感光ドラム1上に形成されたトナー像は、一次転写部N1において、一次転写ローラ5の作用により、中間転写ベルト20上へ転写(一次転写)される。例えば、フルカラー画像の形成時には、各感光ドラム1上に形成されたイエロー、マゼンタ、シアン、ブラックの各色のトナー像が各一次転写部N1において、中間転写ベルト20上に順次重ね合わせるようにして転写される。中間転写ベルト20上のトナー像は、二次転写部N2において、二次転写ローラ30の作用により、中間転写ベルト20と二次転写ローラ30とに挟持されて搬送される記録材S上に転写(二次転写)される。このとき、二次転写ローラ30には、二次転写電圧印加手段としての二次転写電源70から、所定の二次転写電圧(二次転写バイアス)が印加される。トナー像が転写された記録材Sは、中間転写ベルト20から分離されて、定着装置10へ導入され、ここでトナー像の定着処理を受ける。その後、記録材Sは、画像形成装置100の装置本体の外部に排出(出力)される。

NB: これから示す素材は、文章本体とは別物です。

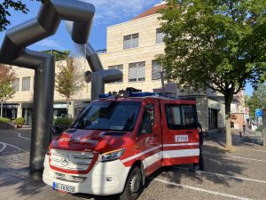 Also ging es zunächst zurück ins Feuerwehrzentrum, wo ein spezielles Rettungsgerät zusammengebaut wurde, um die Igel-Rettung durchführen zu können. Die Einsatzkräfte bauten sich eine 3 Meter lange Lanze und installierten daran ein Fangnetz. Damit ging es dann wieder zurück ins Karlsberg Carré, wo der Igel geduldig auf seine Rettung wartete. Mit viel Geduld und dem nötigen Fingerspitzengefühl gelang es den Brandschützern den Igel aus seiner misslichen Lage zu befreien.

一次転写工程後の感光ドラム1の表面に残留したトナー(一次転写残トナー)などの付着物は、クリーニング装置6によって感光ドラム1の表面から除去されて回収される。また、二次転写工程後の中間転写ベルト20の表面に残留したトナー(二次転写残トナー)などの付着物は、ベルトクリーニング装置24によって中間転写ベルト20の表面から除去されて回収される。
本実施例の画像形成装置100においても、二次転写部N2を通過した記録材Sは、二次転写対向ローラ23に巻回された中間転写ベルト20の外周の曲率によって中間転写ベルト20から記録材Sが分離される。しかし、薄紙などの剛性が弱い記録材Sを用いる場合、記録材Sと中間転写ベルト20との間の静電気力の方が、記録材Sが中間転写ベルト20から離れようとする力よりも強くなり、記録材Sが中間転写ベルト20から分離されずにジャムが発生しやすくなる。そこで、実施例1の転写部Nにおける転写電界と同様に、二次転写部N2における二次転写電界を、二次転写電源70の直流電源71が出力する電圧と交流電源72が出力する電圧とにより形成する。これにより、交流電界の除電能力により記録材Sが除電され、記録材Sと中間転写ベルト20との静電気力が弱められ、ジャムの発生が抑制される。
しかしながら、本実施例の画像形成装置100においても、実施例1の転写電圧の場合と同様に、二次転写電圧における直流電圧に重畳される交流電圧の電圧値が大きすぎる場合には、放電による画像不良が発生することがある。
したがって、本実施例では、実施例1において転写部Nに適用した転写電圧の制御を、二次転写部N2における二次転写電圧の制御に適用する。つまり、記録材Sへの転写のために二次転写部N2に進入するトナー像のトナー量の情報を取得し、取得した情報に基づいて二次転写電源70の交流成分の出力値(本実施例では電圧値(ピークピーク値))を変更する。このとき、二次転写部N2に存在するトナー量が第1のトナー量の場合に、二次転写部N2に存在するトナー量が第1のトナー量よりも少ない第2のトナー量の場合よりも、二次転写電源70の交流成分の出力値を小さくする。具体的な制御方法については、実施例1における像担持体としての感光ドラム1を中間転写ベルト20、実施例1における転写電圧を二次転写電圧などと、実施例1における説明を適宜読み替えることで援用し、繰り返しの説明は省略する。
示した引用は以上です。